Wednesday, November 02, 2011

[155] Collegiate "Battle of the Brains" Set for Nov. 5 at MTSU

News and Media Relations contact: Randy Weiler, 615-898-5616 or Randy.Weiler@mtsu.edu
MTSU Computer Science contact: Dr. Chrisila Pettey, 615-898-2397 or Chrisila.Pettey@mtsu.edu

Collegiate ‘battle of the brains’ set for Nov. 5 at MTSU

MURFREESBORO — MTSU will be trying to defend its first-ever Association for Computing Machinery Mid-Central USA Programming Contest title on its own turf.

On Saturday, Nov. 5, MTSU will host the 36th annual ACM Mid-Central USA contest for the first time in nearly 20 years. The five-hour contest starts at 12:30 p.m.

Citing what MTSU Department of Computer Science Chair Chrisila Pettey called “technical difficulties” a month from the contest date, longtime host Tennessee Tech asked Pettey if MTSU would hold the event.

Pettey and her faculty and staff said yes.

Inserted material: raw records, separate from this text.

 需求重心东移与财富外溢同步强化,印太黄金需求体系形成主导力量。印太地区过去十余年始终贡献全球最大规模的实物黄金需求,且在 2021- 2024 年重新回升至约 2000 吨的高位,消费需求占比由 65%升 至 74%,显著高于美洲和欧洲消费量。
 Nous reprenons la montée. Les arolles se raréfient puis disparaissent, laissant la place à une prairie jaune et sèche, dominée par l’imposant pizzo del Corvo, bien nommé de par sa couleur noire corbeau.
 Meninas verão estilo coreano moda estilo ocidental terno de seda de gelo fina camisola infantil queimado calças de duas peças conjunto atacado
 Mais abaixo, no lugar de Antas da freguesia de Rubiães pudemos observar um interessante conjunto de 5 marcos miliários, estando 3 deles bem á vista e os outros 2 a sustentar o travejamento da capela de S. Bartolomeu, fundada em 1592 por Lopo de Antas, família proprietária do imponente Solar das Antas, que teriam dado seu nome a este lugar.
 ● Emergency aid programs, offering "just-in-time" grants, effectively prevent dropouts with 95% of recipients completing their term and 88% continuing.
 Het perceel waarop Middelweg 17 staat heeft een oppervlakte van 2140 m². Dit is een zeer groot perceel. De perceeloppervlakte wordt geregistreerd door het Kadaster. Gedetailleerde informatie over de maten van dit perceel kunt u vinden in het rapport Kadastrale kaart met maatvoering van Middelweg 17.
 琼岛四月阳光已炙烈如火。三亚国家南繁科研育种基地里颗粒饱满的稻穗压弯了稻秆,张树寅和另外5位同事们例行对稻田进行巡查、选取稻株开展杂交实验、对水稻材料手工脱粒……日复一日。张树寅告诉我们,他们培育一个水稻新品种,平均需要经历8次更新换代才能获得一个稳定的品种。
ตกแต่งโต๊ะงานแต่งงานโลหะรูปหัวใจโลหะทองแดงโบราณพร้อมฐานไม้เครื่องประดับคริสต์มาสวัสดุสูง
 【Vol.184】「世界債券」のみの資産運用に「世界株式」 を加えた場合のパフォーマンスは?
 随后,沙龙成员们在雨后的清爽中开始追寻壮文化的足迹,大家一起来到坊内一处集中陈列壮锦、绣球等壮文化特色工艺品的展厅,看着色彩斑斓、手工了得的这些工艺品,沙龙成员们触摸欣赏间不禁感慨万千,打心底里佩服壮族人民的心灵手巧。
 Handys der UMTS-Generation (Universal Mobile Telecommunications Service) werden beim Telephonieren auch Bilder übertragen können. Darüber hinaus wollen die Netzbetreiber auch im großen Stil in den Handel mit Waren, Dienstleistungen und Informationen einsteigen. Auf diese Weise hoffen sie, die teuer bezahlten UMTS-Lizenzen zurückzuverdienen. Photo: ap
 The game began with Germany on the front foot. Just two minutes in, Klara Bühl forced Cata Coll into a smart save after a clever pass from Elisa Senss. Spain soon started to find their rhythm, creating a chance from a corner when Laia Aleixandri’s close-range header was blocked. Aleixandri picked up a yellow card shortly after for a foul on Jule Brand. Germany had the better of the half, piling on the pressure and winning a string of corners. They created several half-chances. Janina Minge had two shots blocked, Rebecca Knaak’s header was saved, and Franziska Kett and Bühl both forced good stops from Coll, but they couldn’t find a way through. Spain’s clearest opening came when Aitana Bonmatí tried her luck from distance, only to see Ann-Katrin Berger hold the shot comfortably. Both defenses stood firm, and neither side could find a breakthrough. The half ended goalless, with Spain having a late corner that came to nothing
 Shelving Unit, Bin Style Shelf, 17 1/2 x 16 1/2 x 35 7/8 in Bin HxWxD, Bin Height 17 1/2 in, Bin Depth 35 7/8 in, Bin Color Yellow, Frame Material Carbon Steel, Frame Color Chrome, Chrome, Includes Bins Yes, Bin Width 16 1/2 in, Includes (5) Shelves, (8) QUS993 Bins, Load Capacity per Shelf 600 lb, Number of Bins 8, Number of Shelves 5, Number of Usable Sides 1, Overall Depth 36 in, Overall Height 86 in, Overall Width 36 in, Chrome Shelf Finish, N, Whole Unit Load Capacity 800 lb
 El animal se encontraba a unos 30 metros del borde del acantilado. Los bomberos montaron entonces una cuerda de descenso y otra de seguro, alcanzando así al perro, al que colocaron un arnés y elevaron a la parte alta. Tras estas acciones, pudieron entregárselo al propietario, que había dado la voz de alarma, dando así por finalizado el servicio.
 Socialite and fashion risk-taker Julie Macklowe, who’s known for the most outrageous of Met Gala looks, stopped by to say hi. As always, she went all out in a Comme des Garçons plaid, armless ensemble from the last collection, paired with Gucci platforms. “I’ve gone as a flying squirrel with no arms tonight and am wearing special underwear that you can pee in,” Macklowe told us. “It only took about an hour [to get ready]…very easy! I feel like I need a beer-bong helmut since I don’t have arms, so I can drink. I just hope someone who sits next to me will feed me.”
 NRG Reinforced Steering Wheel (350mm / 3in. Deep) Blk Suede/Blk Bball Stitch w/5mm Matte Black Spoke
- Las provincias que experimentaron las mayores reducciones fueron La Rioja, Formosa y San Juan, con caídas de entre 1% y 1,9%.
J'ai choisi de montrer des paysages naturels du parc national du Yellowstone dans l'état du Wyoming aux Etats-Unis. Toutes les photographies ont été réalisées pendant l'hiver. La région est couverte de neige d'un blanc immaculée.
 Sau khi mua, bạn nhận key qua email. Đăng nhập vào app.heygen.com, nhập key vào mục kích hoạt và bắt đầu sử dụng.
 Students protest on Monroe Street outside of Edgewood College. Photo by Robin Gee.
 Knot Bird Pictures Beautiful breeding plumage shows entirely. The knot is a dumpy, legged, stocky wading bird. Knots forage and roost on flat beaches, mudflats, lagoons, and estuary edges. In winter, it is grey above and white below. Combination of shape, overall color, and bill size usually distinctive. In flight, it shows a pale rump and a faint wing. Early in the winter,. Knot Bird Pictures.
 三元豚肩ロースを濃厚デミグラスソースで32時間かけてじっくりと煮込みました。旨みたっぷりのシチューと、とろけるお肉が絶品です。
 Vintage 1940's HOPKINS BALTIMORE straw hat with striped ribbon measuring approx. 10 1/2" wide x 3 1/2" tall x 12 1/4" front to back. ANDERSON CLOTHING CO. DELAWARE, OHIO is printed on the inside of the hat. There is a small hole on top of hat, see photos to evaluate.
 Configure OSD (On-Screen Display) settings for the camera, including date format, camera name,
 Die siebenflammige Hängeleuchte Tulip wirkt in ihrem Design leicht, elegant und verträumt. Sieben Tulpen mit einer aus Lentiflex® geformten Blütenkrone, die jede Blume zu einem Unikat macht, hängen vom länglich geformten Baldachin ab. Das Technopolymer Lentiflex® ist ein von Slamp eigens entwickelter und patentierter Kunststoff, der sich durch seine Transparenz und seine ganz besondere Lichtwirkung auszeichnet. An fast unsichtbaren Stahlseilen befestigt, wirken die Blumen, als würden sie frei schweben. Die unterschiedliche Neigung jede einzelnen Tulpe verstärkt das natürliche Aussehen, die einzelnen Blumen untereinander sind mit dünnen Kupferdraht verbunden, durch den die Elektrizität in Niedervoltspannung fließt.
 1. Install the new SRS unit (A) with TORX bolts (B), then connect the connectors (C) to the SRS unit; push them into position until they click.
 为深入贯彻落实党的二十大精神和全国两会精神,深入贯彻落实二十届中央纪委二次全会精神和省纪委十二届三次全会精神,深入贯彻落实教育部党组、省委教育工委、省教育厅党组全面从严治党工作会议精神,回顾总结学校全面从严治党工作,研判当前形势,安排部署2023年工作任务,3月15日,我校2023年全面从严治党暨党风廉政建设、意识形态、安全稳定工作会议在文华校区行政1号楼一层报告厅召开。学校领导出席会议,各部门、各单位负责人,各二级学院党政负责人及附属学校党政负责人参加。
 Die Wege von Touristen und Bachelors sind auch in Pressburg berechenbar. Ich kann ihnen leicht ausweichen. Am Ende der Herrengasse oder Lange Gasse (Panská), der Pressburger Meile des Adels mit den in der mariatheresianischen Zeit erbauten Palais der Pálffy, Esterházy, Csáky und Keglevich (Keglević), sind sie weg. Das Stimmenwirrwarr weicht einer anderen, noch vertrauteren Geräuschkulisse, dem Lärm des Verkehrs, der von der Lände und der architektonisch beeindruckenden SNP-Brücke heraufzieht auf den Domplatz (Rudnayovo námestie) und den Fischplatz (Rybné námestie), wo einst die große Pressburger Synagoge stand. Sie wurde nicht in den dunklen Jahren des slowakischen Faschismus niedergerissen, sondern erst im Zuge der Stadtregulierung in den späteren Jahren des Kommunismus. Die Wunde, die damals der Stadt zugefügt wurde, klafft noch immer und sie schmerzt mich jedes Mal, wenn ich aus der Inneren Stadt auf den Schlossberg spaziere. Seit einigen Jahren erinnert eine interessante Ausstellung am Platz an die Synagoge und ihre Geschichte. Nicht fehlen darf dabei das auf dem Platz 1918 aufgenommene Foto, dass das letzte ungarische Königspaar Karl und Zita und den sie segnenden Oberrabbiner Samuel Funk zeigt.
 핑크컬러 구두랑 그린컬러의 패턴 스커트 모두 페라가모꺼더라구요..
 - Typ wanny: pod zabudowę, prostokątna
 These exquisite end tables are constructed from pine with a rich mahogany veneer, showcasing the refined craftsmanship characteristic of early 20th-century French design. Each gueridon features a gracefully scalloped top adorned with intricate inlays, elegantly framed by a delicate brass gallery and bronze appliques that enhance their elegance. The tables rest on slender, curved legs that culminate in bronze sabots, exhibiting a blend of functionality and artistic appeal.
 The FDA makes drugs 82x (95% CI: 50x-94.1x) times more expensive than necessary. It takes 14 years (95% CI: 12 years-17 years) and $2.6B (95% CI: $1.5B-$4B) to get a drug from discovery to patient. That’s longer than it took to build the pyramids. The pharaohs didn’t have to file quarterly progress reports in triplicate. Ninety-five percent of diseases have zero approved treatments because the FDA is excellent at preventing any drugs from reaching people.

“A lot of good people are working to pull this off,” Pettey said. “The math department really cooperated. They’re letting us use all their labs and conference rooms.”

Math and computer science both are located in Kirksey Old Main, the contest site.

Nine universities with a combined 25 teams are competing. Vanderbilt and East Tennessee State University will have four, three-members teams. The University of North Alabama,Tennessee Tech and Maryville College have three teams. Belmont, the University of Tennessee at Knoxville, Tennessee State University and MTSU will enter two teams.

MTSU Blueraider #1 earned first-place honors in 2010, solving seven of nine problems, and finishing eighth overall in the entire 142-team Mid-Central region that includes Missouri, Arkansas, Illinois (including the Greater Chicago Metropolitan Area), Indiana, Kentucky and Tennessee.

Drs. Sung Yoo and Zhijiang Dong coach both Blueraider #1 and Blueraider #2.

In the contest, each team is issued a set of problems that they try to solve in C++ or Java software programs, Pettey said. When they finish, they submit the answer to the judges. Once the judges approve, the team receives a new problem. At 5:30 p.m., time is called, and the team with the most solved problems wins.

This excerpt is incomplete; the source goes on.